We can't answer the question without understanding the specific genetic architecture of the trait. For example, are alleles that slightly increase height more common in one group than another? We need to know exactly which alleles affect height... But this is challenging as the traits I listed are almost certainly controlled by hundreds or thousands of genes. Could population averages on these traits differ between groups, due to differences in allele frequencies? I know of no argument, taking into account the information above, showing that they could not.

In fact, in the case of height we are close to answering the question. We have identified hundreds of loci correlated to height. Detailed analysis suggests that the difference in average height between N and S Europeans (about one population SD, or a couple of inches) is partially genetic (N Europeans, on average, have a larger number of height increasing alleles than S Europeans), due to different selection pressures that the populations experienced in the recent past (i.e., past 10k years).
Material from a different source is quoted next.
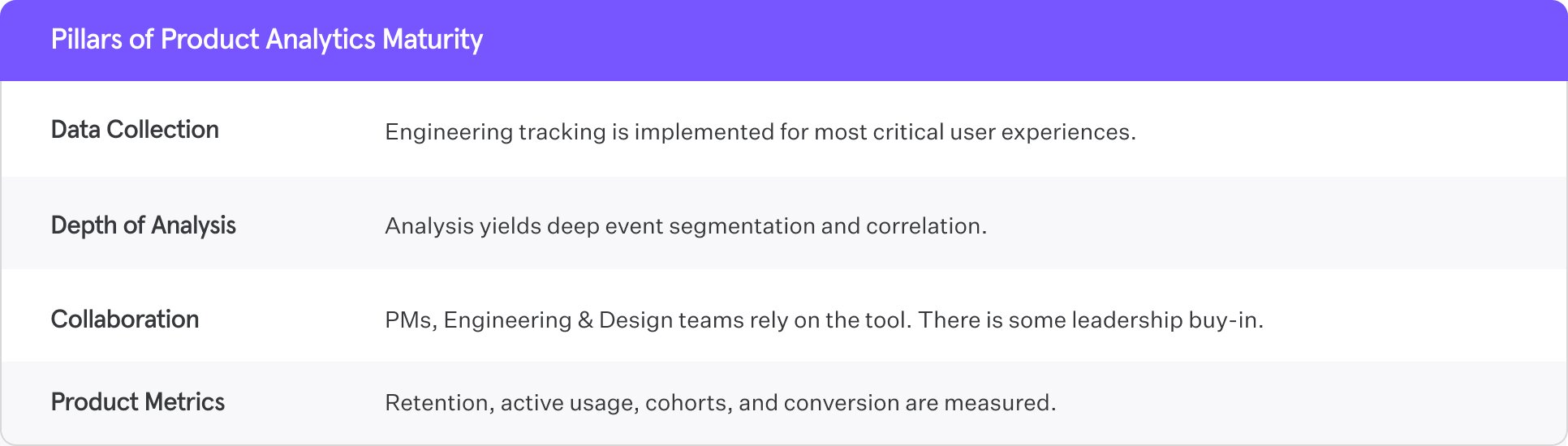 In the Advanced stage of product analytics maturity, data is your compass for most decisions. This analysis is driving your product development because you’re constantly considering what works, for who, and why.

Many who argue on Montagu's side hold the prior belief that the ~ 50k years of isolation between continental populations is not enough time for differential selection to produce group differences, particularly in complex traits governed by many loci. This is of course a quantitative question depending on strength of selection in different environments. The new results on height should cause them to reconsider their priors.

It is fair to say that results on height, as well as on simpler traits such as lactose or altitude tolerance, are consistent with Wade's theme that evolution has been recent, copious, and regional.

Further extrapolation to behavioral and cognitive traits will require more data, but:

1) The question is scientific -- it can be answered with known methods. (I estimate of order millions of genotype-phenotype pairs will allow us to extract the genetic architecture of complex traits like cognitive ability -- perhaps sometime in the coming decade.)

2) There is no a priori argument, given what we currently know, that such differences cannot exist. (Cf. Neanderthals!) Note this is NOT an argument that differences exist -- merely that they might, and that we cannot exclude the possibility.

An honest Ashley Montagu would have to concede points 1 and 2 above.

The second part of A Troublesome Inheritance covers controversial topics such as genetic group differences in behavioral and cognitive predispositions, and their societal implications. Wade is mostly careful to present these as speculative hypotheses, but nevertheless his advocacy leaves him vulnerable to easy attack. What I have summarized above are the incontestable (albeit, in some circles, perhaps still controversial and poorly understood) new results that have accumulated through the last decade of genomic research.
See also Recent human evolution: European height and The Neanderthal Problem.

Note Added: Distinguished evolutionary biologist H. Allen Orr has written a review in The New York Review of Books which I find quite similar to mine.

There was some back and forth between Razib Khan, Orr and Jerry Coyne. I added the comment below.
My take on the book is similar to that of Orr/Coyne: does a decent job of explaining population structure; too much speculation in the second part.

However, I think Orr/Coyne/Wade all miss the most interesting piece of science regarding strength of recent selection: evidence that the N-S height gradient (about 1 SD of difference between the two regions) in Europeans is due to selection pressure. That would constitute an example of fairly strong (in the context of the debate over group differences in humans) selection pressure acting over relatively short periods of time (~ 10 kya or less). I would think this result, if it holds up, might require significant updating of priors for certain people. It also provides a good example of how science in this area should be done: observed phenotype group difference, large data sets (GIANT) teasing out the genetic architecture, tests for selection on associated genetic variants.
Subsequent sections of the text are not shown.